Megabandas are criminal gangs in Venezuela with over 100 members while colectivos are armed paramilitary groups working for the government.

State institutions have been left rudderless while cases of corruption involving government officials have reached “scandalous” proportions, according to Deniz from Armando Info. He added that criminality has undergone a professionalization that has further influenced the decision millions are taking to flee the country.

But while organized crime has shown a remarkable ability to penetrate state institutions and corrupt elected officials, it’s also had a tremendous impact on the environment.

In the second panel of the day, InSight Crime Co-director Steven Dudley was joined by Juan Carlos Garzón from Colombia’s Ideas for Peace Foundation (Fundación Ideas para la Paz – FIP) and Inge Valencia from the Universidad ICESI in Cali to look at organized crime’s depredation of the environment.

The question of how criminal organizations are diversifying their criminal portfolios was at the center of Dudley’s presentation of a forthcoming InSight Crime investigation on the illicit trafficking of plants and wildlife.

As Farah had mentioned, Dudley explained that so-called “brokers” are also extremely important for bringing together the illegal actors involved in the extraction, processing, transportation and commercialization of illegal wood.

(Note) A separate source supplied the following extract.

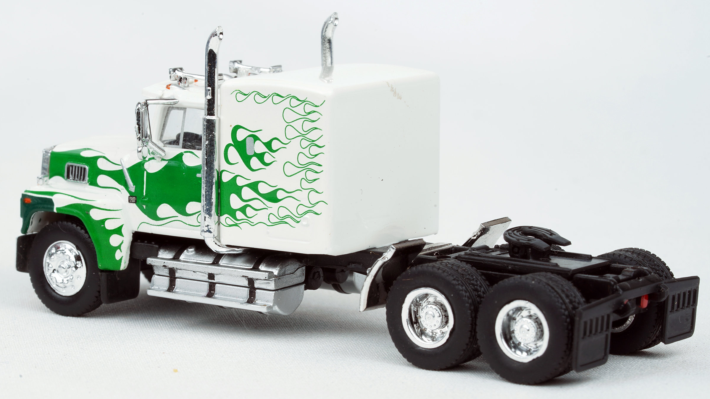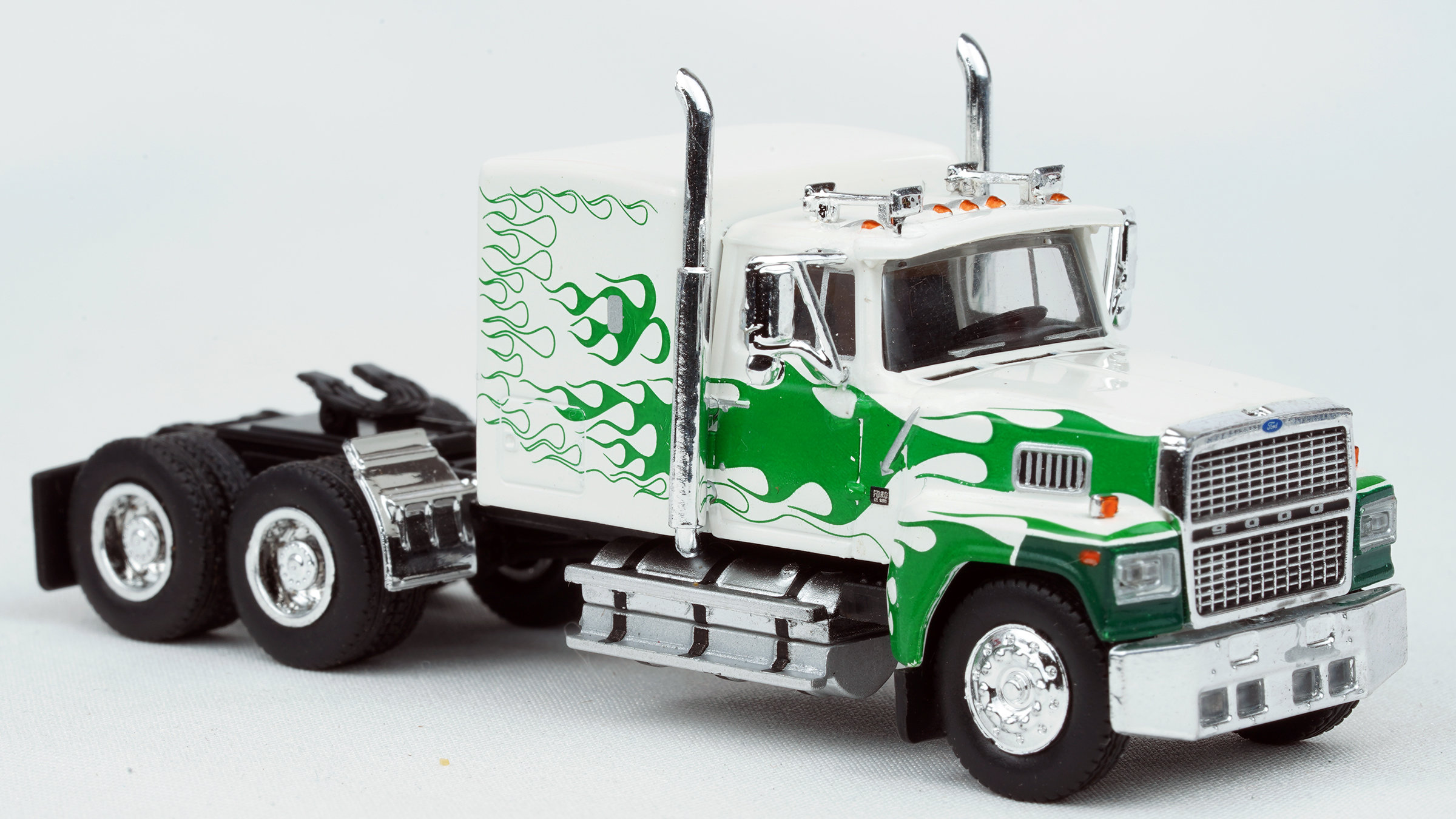 Brekina Ford LTL-9000 tandem axle truck tractor 116" BBC cab, 60" sleeper Prototype produced from 1978 to 1991 White/green flame paint scheme Chrome mirrors (buyer installed) Chrome grille, bumper, trim Chrome quarter fenders on the rear Dual chrome exhaust stacks Dual chrome horns Alcoa style 10 aluminum type wheels April 2024 release New in box SKU #85879

The growth of such trafficking has had devastating consequences across Latin America. “Since 2005, Honduras has lost at least 30 percent of its natural forests,” Dudley explained.

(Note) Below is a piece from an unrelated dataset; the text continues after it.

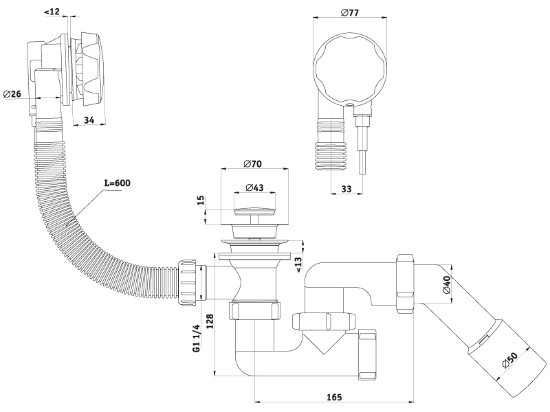 — Для ванн с отверстием слива Ø50 мм и отверстием перелива от Ø48 до 56 мм (стандартное отверстие 50 мм).

SEE ALSO: How Drug Traffickers Became Masters of Honduras’ Forests

Valencia from ICESI University and Garzón from the FIP followed Dudley by explaining how the diversification of illegal criminal economies has also had a negative impact on Colombia’s environment following the demobilization of the Revolutionary Armed Forces of Colombia (Fuerzas Armadas Revolucionarias de Colombia -- FARC) as part of a peace deal with the government in 2016.

"The FARC regulated what was happening in the protected areas of the country, they established rules and quotas of how much could be cut down," Garzón said. However, the new actors that have emerged, he went on to explain, don’t have any interest in protecting the environment. They have less members and a smaller capacity to do so than the FARC did.

Those dedicated to defending the environment from criminal interests have also come under fire. "Almost 400 social leaders have been killed after the signing of the peace agreement in Colombia, [and] most have been in areas key for illegal mining and illicit coca crops," Valencia said.

From the environmental impacts of organized crime, the conference pivoted once more to the evolution of Mexico’s organized crime landscape in the absence of El Chapo with a presentation from journalist and expert narco chronicler, Ioan Grillo.

Grillo touched on the very important political control that Mexico’s organized crime groups have today, as well as the diversification of their criminal activities outside of traditional economies like drug trafficking. While the administration of President Andrés Manuel López Obrador has in the past claimed that there is no longer a war on drugs in Mexico, Grillo said that simply saying this hasn’t meant that there isn’t a war.

"The conflict in Mexico is of such a magnitude that there are no words to define it. Organized crime groups and the security forces' war against them has left more than 150,000 people dead," Grillo explained.

The conference came to a close with a presentation of InSight Crime’s annual series on its organized crime “GameChangers” for 2019, which touched on topics ranging from the changing nature of Mexico’s criminal landscape to the proliferation of illegal mining in the region and the penetration of organized crime into the governments of El Salvador, Guatemala and Honduras.

The complete GameChangers series will be published by InSight Crime in early 2020.